● ASSIGNMENT:
In the entries that follow, find the line containing "Voorbeeld: 4 vierassige" and the line containing "A jar of our", then retype exactly the lines from the first through the second, pictures excluded.

● SUPPLIED RECORDS:
● ● ●

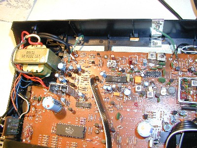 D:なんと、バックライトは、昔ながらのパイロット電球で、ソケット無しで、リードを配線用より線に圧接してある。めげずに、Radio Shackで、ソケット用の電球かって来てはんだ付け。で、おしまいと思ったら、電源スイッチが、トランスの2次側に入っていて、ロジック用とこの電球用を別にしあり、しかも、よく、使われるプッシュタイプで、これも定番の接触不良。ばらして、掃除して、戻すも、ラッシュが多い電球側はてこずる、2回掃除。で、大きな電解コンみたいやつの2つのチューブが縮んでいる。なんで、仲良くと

● ● ●

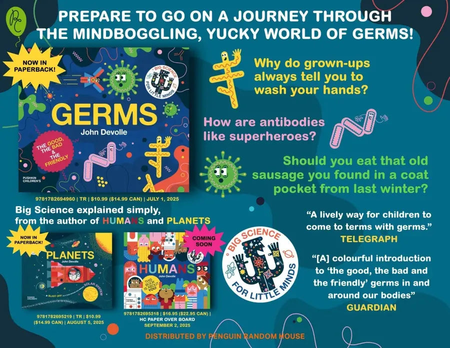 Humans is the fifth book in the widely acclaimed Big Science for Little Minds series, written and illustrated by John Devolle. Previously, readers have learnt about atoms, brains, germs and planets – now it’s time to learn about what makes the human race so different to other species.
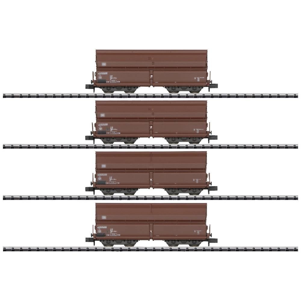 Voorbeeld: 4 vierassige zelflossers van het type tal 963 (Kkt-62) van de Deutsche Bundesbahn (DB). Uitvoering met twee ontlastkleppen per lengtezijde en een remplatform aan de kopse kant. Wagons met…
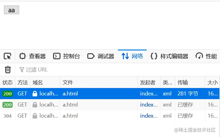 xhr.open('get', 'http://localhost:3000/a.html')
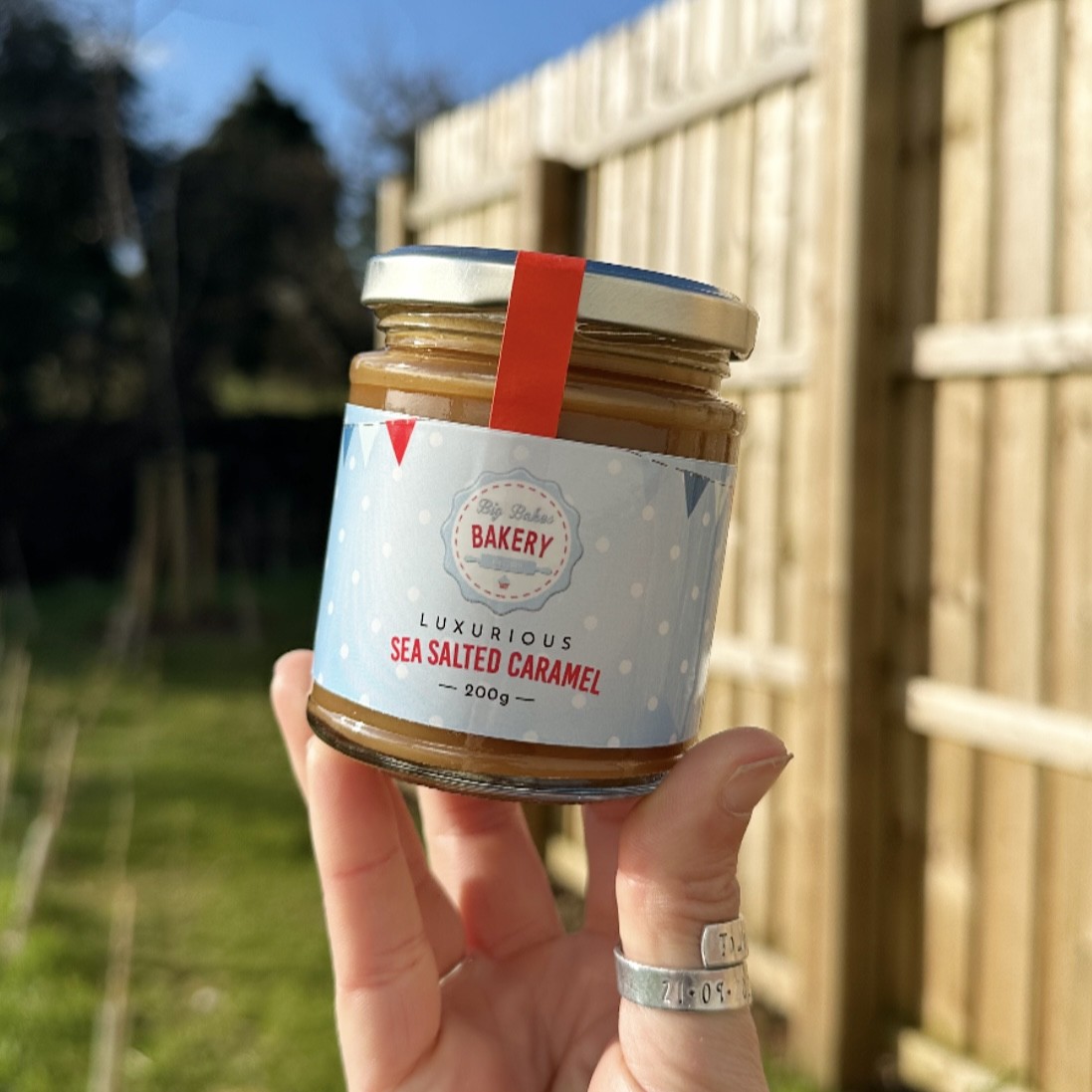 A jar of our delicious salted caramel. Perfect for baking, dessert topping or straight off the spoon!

● ● ●

● FINAL ANSWER:
 Voorbeeld: 4 vierassige zelflossers van het type tal 963 (Kkt-62) van de Deutsche Bundesbahn (DB). Uitvoering met twee ontlastkleppen per lengtezijde en een remplatform aan de kopse kant. Wagons met…
 xhr.open('get', 'http://localhost:3000/a.html')
 A jar of our delicious salted caramel. Perfect for baking, dessert topping or straight off the spoon!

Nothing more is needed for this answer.